__ABOUT THIS EXERCISE__. An exact copy of the lines from the start of the material below through the line containing "JETech - حافظة" is the required answer, and it includes no pictures.

__GIVEN INFORMATION__.
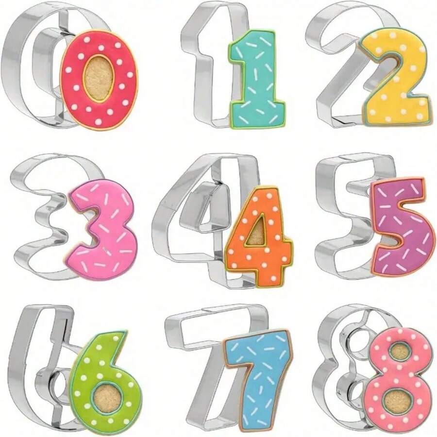 9pcs Stainless Steel Numeral Cookie Cutter Set 0-8 (6 Reversed As 9), Baking Tools For Birthdays, Weddings, Anniversaries, Bento Lunches
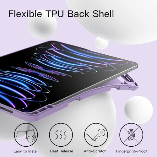 JETech - حافظة حماية من جيتك متوافقة مع آي باد برو 12.9 إنش الجيل 5 و6، غطاء مصنوع من البولي يوريثين باللون البنفسجي الفاتح
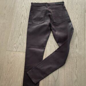 AG Farrah Ankle skinny jean for women features a leatherette-coated burgandy hue, cut with a flattering high/mid-rise waist and cropped length at the ankle. This women’s jean is designed in our Leatherette Luscious Super Stretch Sateen fabrication. It is a sample. never been worn, but no tags.

__SOLVED EXERCISE__.
 9pcs Stainless Steel Numeral Cookie Cutter Set 0-8 (6 Reversed As 9), Baking Tools For Birthdays, Weddings, Anniversaries, Bento Lunches
 JETech - حافظة حماية من جيتك متوافقة مع آي باد برو 12.9 إنش الجيل 5 و6، غطاء مصنوع من البولي يوريثين باللون البنفسجي الفاتح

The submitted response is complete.